The various romanization systems differ with respect to 12 out of the 30 letters of the modern Bulgarian alphabet. The remaining 18 have constant mappings in all romanization schemes: а→a, б→b, в→v, г→g, д→d, е→e, з→z, и→i, к→k, л→l, м→m, н→n, о→o, п→p, р→r, с→s, т→t, ф→f. Differences exist with respect to the following:


Three different systems have been adopted officially by Bulgarian authorities at overlapping times.

ISO/R 9:1968

An older system in the tradition of common Slavic scientific transliteration was adopted by the Council of Orthography and Transcription of Geographical Names in Sofia in 1972 and subsequently by the UN in 1977. [4] It is identical to that codified in the ISO norm ISO/R 9:1968. This system uses diacritic letters (č, š, ž) as well as j and c. It was adopted in 1973 as the Bulgarian state standard BDS 1596:1973 which, although still valid formally [5] is no longer used in practice, [6] having been superseded by the 2009 Transliteration Act.

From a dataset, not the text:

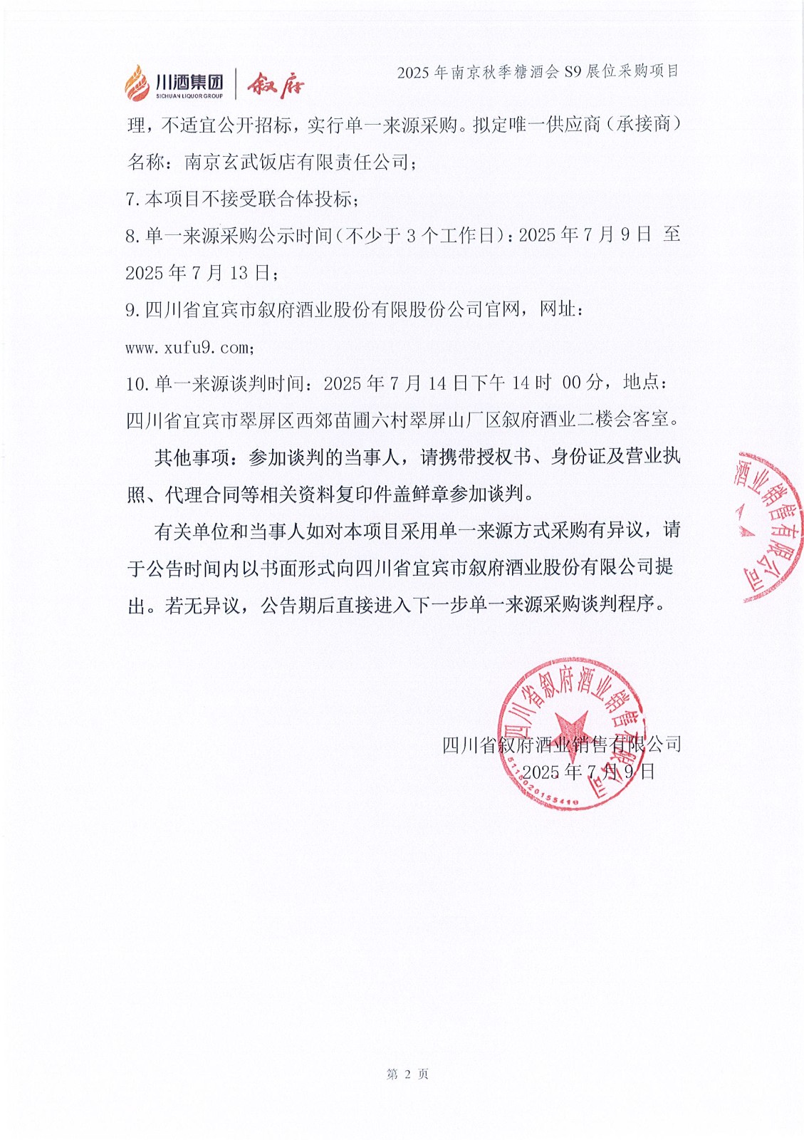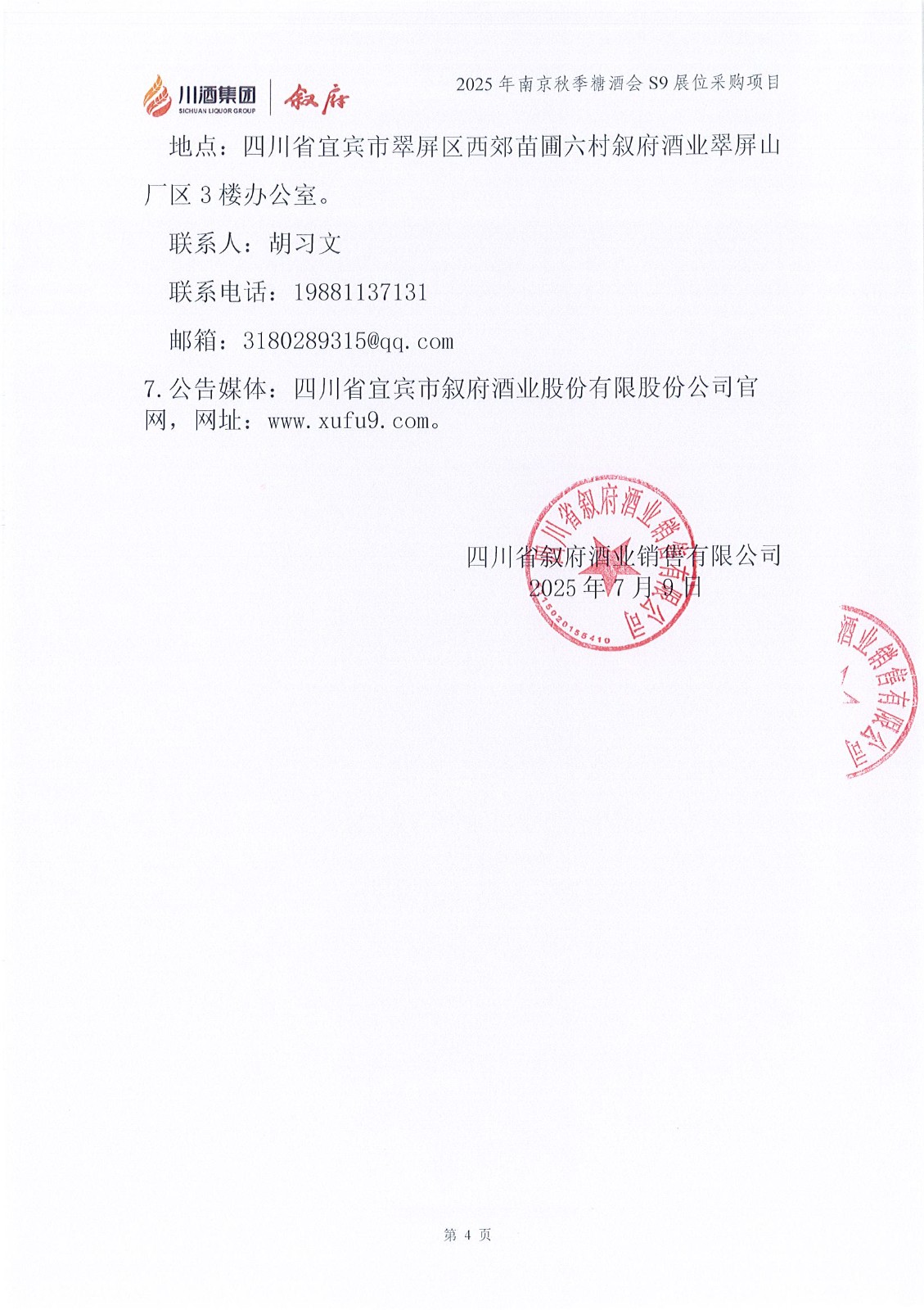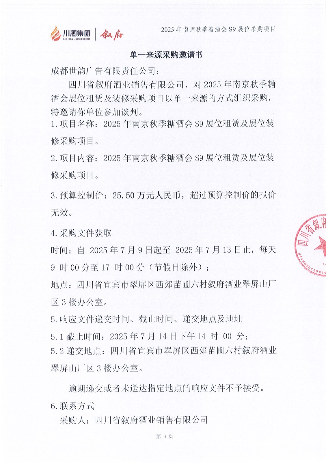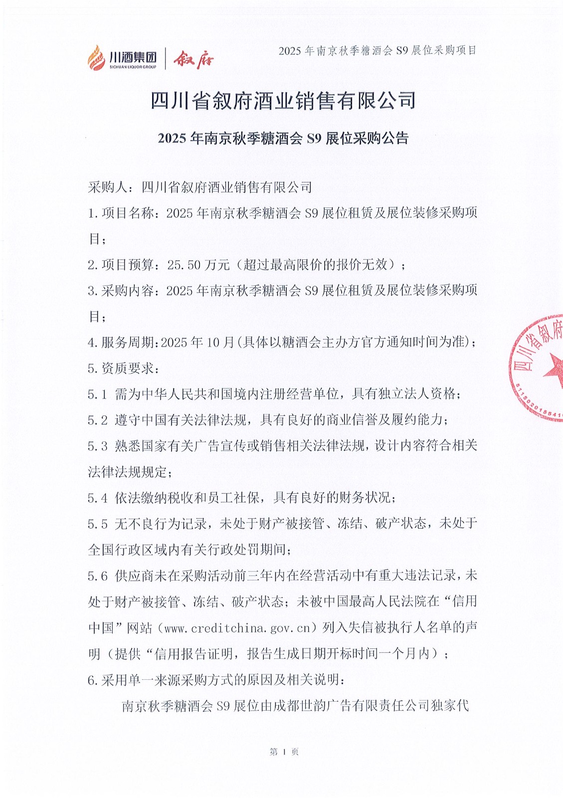 四川省敘府酒業(yè)銷(xiāo)售有限公司2025年宜賓西站大燈箱廣告投放采購(gòu)項(xiàng)目采購(gòu)公告

The second system was a French-oriented transliteration of personal and place names in the documents issued by the Bulgarian Ministry of Interior for travel abroad, used until 1999. [7]

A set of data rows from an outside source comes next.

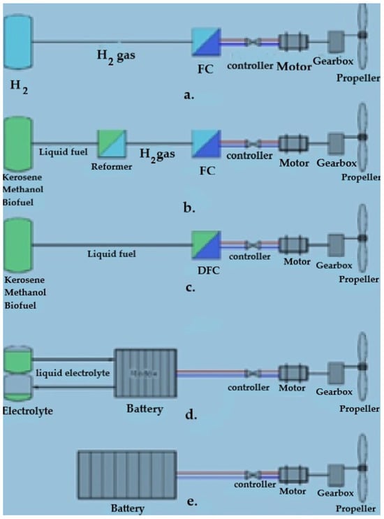 In Figure 3 [3], we present five possible architectures for electric propulsion systems. The final part of these systems is the same (controller, motor, gear, and propeller). Different are the power sources feeding the controller. The first three versions use fuel cells, fueled either with hydrogen or liquid fuel. The simplest version (Figure 3a) uses directly hydrogen in the fuel cell, but we saw that the necessary hydrogen tanks are bulky. High energy densities are provided by liquid fuels such as kerosene, methanol, or bio-fuels. Using these fuels involves converting these fuels into hydrogen with a reformer (Figure 3b) or liquid-fueled fuel cells (Figure 3c). Fuel cells with liquid fuel are not yet well developed. Systems with liquid fuel conversion to hydrogen are already commercial for ground applications, but the reformer is very heavy, and this kind of system is not yet suited for aviation [39]. The last two versions in Figure 3 used different battery types, either with liquid electrolyte (Figure 3d) or classical ones (Figure 3e).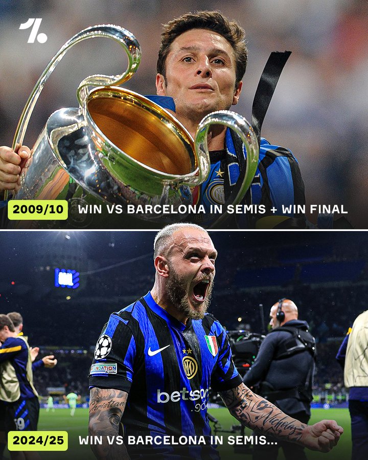 一项有利于国米的统计在于--09/10赛季的他们,就是在半决赛淘汰了巴萨之后更终决赛击败拜仁完成了捧杯。而本赛季继1/4决赛淘汰拜仁之后,又在半决赛淘汰了巴萨的蓝黑军团,看上去有望复制2010年的神迹。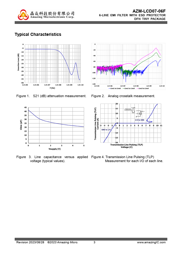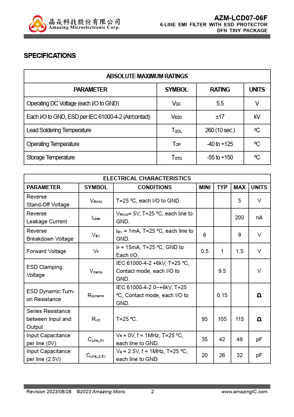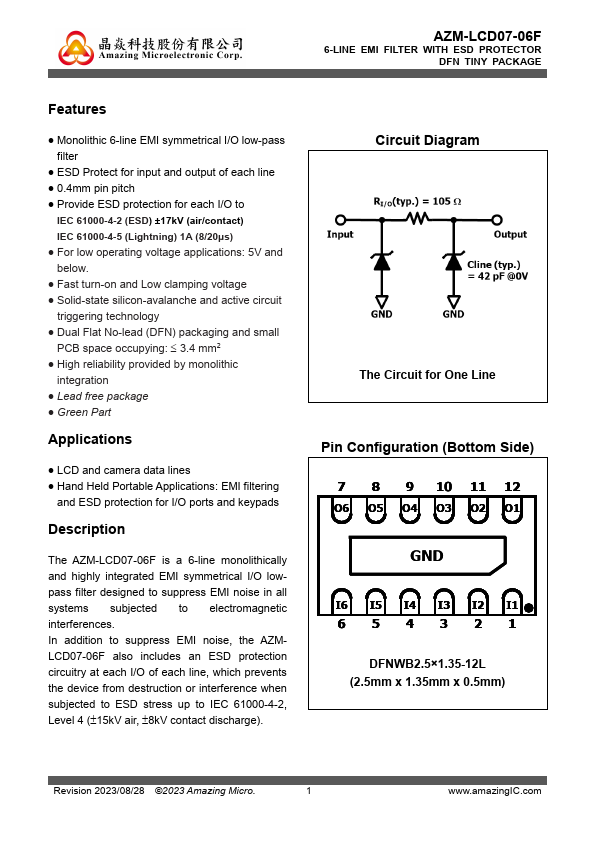 The AZM-LCD07-06F is a 6-line monolithically and highly integrated EMI symmetrical I/O lowpass filter designed to suppress EMI noise in all systems subjected to electromagnetic interferences. In addition to suppress EMI noise, the AZMLCD07-06F also includes an ESD protection circuitry at each I/O of each line, which prevents the device from destruction or interference when subjected to ESD stress up to IEC...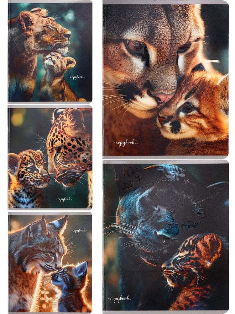 Тетрадь школьная А5 48 листов в клетку "Мамы и детёныши-1"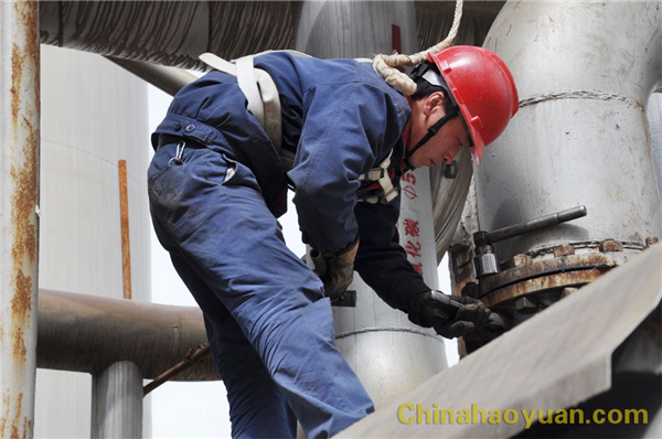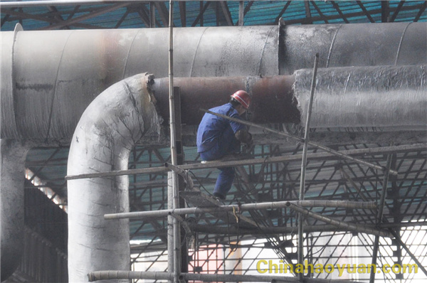 ③、维修人员在为设备加固。 ④、维修人员在疏通循环水管道。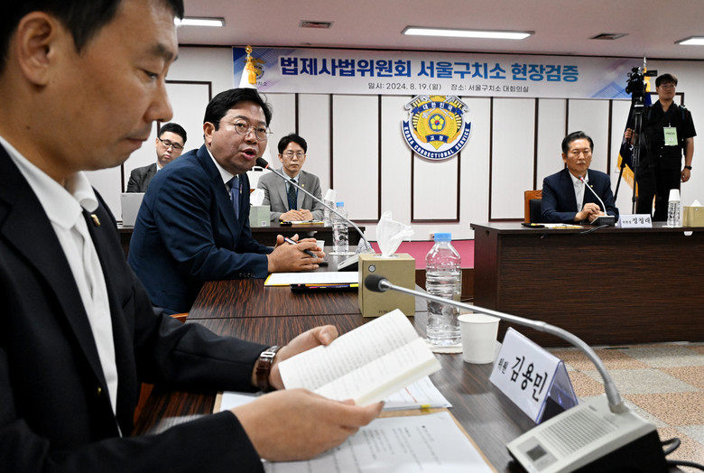[세계타임즈 = 심귀영 기자] 김승원 법사위 야당 간사가 19일 오전 경기도 의왕시 서울구치소에서 진행된 국회 법제사법위원회 서울구치소 현장검증에 참석해 의사진행 발언을 하고 있다. 2024.8.19 [국회사진기자단]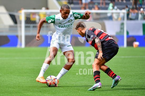 2868760 Eduardo do Palmeiras e Marcos do Flmengo disputam a bola durante partida entre Palmeiras x AA Flamengo SP, válida pela terceira fase da Copa São Paulo de Futebol Júnior 2026, nesta quinta feira (15), na Arena Crefisa Barueri, em Barueri, SP.

English-oriented digraph systems

Systems based on a radically different principle, which avoids diacritics and is optimized for compatibility with English sound-letter correspondences, [8] have come into official use in Bulgaria since the mid-1990s. These systems characteristically use ch, sh, zh rather than č, š, ž, and y rather than j.


One such system was proposed in Danchev et al.'s English Dictionary of Bulgarian Names of 1989. [9]

Streamlined System

A similar system (differing from the former in the treatment of letters ъ, у, and digraphs ай, ей, ой and уй), called the "Streamlined System" by Ivanov (2003) [8] and Gaidarska (1998), [10] was adopted in 1995 [11] for use in Bulgarian-related place names in Antarctica by the Antarctic Place-names Commission of Bulgaria. [12] Another system along similar lines, differing from the Antarctic one only in the treatment of ц (ts vs. c), was adopted by the Bulgarian authorities for use in identity documents in 1999; [8] after an amendment in 2000, the official Bulgarian system became identical with that of the Antarctica Commission.

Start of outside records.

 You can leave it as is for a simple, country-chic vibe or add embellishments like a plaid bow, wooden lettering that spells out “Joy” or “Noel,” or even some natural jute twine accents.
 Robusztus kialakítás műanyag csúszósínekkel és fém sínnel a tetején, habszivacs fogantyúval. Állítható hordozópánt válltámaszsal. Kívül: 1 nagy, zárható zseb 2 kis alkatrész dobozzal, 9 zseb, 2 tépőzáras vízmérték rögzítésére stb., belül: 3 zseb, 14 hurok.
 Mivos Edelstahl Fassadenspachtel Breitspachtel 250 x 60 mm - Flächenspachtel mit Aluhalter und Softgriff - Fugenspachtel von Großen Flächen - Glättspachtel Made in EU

The new official Bulgarian system does not allow for unambiguous mapping back into Cyrillic, since unlike most other systems it does not distinguish between ъ and а (both rendered as a). It also does not distinguish between the digraph values of zh=ж, sh=ш and the value of the same Roman strings in rendering accidental clusters of separate Cyrillic letters zh=зх and sh=сх, as they occur in words like изход (izhod) or схема (shema). [6]

New Orthographic Dictionary system

A modification of the system using a diacritic was proposed in the authoritative New Orthographic Dictionary of the Bulgarian Language [13] in 2002, with ъ rendered as ă rather than a. However, that proposal was not adopted for official usage, and failed to become established in popular practice.

Streamlined System with -ia-exception

An exception to the rules was introduced by the Bulgarian authorities in 2006, mandating the transliteration of word-final -ия as -ia rather than -iya in given names and geographical names (such as Ilia, Maria and Bulgaria, Sofia, Trakia etc.). [14] [15] [16] In 2009, a law passed by the Bulgarian parliament made this system mandatory for all official use and some types of private publications, expanding also the application of the ia-exception rule to all -ия in word-final position. [1]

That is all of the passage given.